Grammar School Expansion
You will find a new article looking at the Annexe at Tunbridge Wells Grammar School for Boys, expansion at Gravesend Grammar and Norton Knatchbull School, and a possible annexe in Whitstable/Herne Bay here.
Change of Name of Schools and Academy Trusts
Decus Educational Trust is the new name for the Gravesend Grammar School Academies Trust, comprising Gravesend Grammar School and Whitehill Primary School. A number of Trusts are going down similar routes borrowing from the Classics, presumably to lend gravitas to their purpose. ‘Decus’ is a Latin word with a variety of definitions offered, including: Honour; Ornament; Glory; Distinction; Pride and Beauty. GGS no longer teaches Latin. The Tenax Schools Trust is the name of the Multi-Academy Trust headed up by Bennett Memorial Diocesan School. ‘Tenax’ being a Latin adjective roughly translating as: ‘tending to hold fast’ and is the root of ‘tenacious’. The Aletheia Anglican Academies Trust is named after a Classical Greek term, which is ‘truth or disclosure in philosophy’, or alternatively, factuality or reality. The Arete Trust refers, again in Classical Greek to ‘excellence of any kind’ although again Dartford Grammar Girls does not teach classical languages.
Skills for Life Trust is the new name for the Greenacre Academy Trust as it has expanded, absorbing Walderslade Girls School and Hilltop Primary as Converter Academies, and has sponsored Chantry Community Academy and Warren Wood (see here for more details). Apart from Chantry in Gravesend, all schools are in Medway. Such aaspirational aims are also becoming increasingly popular, one of the more cumbersome being the Every Child Every Day Academy Trust.
Chatham Grammar the new full name of the previous Chatham Grammar School for Girls, changed its name over the summer, moving into the territory relinquished by Holcombe Grammar, previously Chatham Grammar School for Boys. Presumably this is to encourage boys into its mixed Sixth Form which is currently struggling to recruit and retain students of both genders as can be seen from the Individual School Data. The latest schools census reveals a loss of 32% of pupils going from Year 11 into the Sixth Form, the second highest percentage across Kent and Medway and the school is facing the threat of Rochester Grammar’s decision to switch from super selection to offering priority for local girls. However, it will survive by expanding its recruitment of girls from London, a pool now enlarged by the Rochester decision. An article in KM Online refers to plans for a new teaching block, submitted to Medway Council, that claims it will help to increase Sixth Form numbers.

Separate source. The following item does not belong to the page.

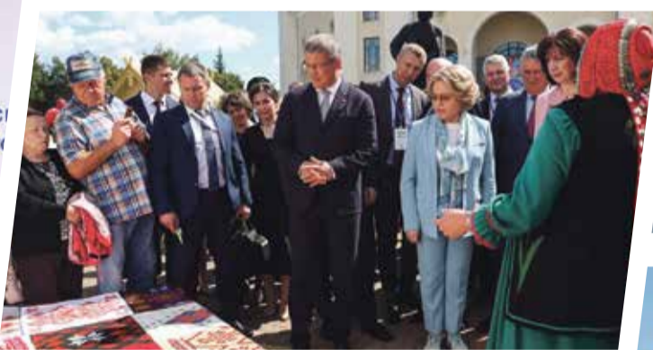
■ Валентина Матвиенко, Наталья Кочанова и Глава Республики Башкортостан Радий Хабиров открыли выставку достижений народного хозяйства России и Беларуси.

Cornwallis Academy and New Line Learning Academy were to be re-brokered from Future Schools Trust to the Every Child Every Day Academy Trust last September, which was providing them with support. The parallel article last year explores the problems in both schools. However, this decision has been cancelled, presumably because of the improvement in both. However, the Tiger Free School, Kent’s first new Free School, has gone the other way with an Ofsted Report, which Requires Improvement in the school, partly because a high staff turnover has taken its toll. Interestingly, the Latest News at the Trust still carries an article from 2018 that begins: ‘Following news that Future Schools Trust is to merge with Every Child Ever (sic) Day Trust…..‘.
South Kent Academy Trust
Brockhill Performing Arts College and the Towers School Academy Trust, both stand alone academies, are coming together under this title, an expansive one suggesting further acquisitions are to be sought.

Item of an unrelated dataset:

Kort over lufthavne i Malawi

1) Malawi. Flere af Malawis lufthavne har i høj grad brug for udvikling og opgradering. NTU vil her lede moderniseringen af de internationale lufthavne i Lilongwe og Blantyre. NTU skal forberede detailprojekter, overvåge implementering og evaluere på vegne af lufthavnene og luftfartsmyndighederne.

Two Kent primary schools served with Academy Orders in 2014, have still not followed through according to Schools Week, which also looks at the issues behind the PFI schools Royal Harbour Academy and The North School, above. West Kingsdown CofE was placed in Special Measures in 2013 and after two ‘Requires Improvement’ outcomes in 2014 and 2016 which were hardly promising, the Academy Order should have been carried out, but wasn’t because of unresolved issues with regard to land ownership. The 2017 KS2 results found the school one of just six in Kent to be ‘Well above Average’ in each of reading, writing and maths, which may well have saved it, Ofsted last month delivering a highly complimentary Good Ofsted Report, which should surely have seen its removal from the list.
St Francis Catholic Primary, a Voluntary Aided school in Maidstone, was also placed in Special Measures in 2013. The appalling and unlawful behaviour of Kent County Council and Simon Webb, then its key officer in such matters is explained at length here. Following the public removal of the headteacher and his wife (who also taught there) during the school day, he was suspended unlawfully by KCC without consulting the Chairman of the governing body who were his employers, creating a controversy that lasted over a year. During this time, the headteacher was absent on full pay and the school achieved a Good Ofsted Report. The then Acting Headteacher was subsequently appointed Head and the school completed a successful Short Inspection in September 2018. Meanwhile, according to Schools Week: ‘HR issues and new governors against conversion have held up a takeover of by the Kent Catholic Schools’ Partnership’. All was looking well to see the Academy Order withdrawn, but the disastrous Key Stage 2 results this summer will have set this back and put the school at risk again.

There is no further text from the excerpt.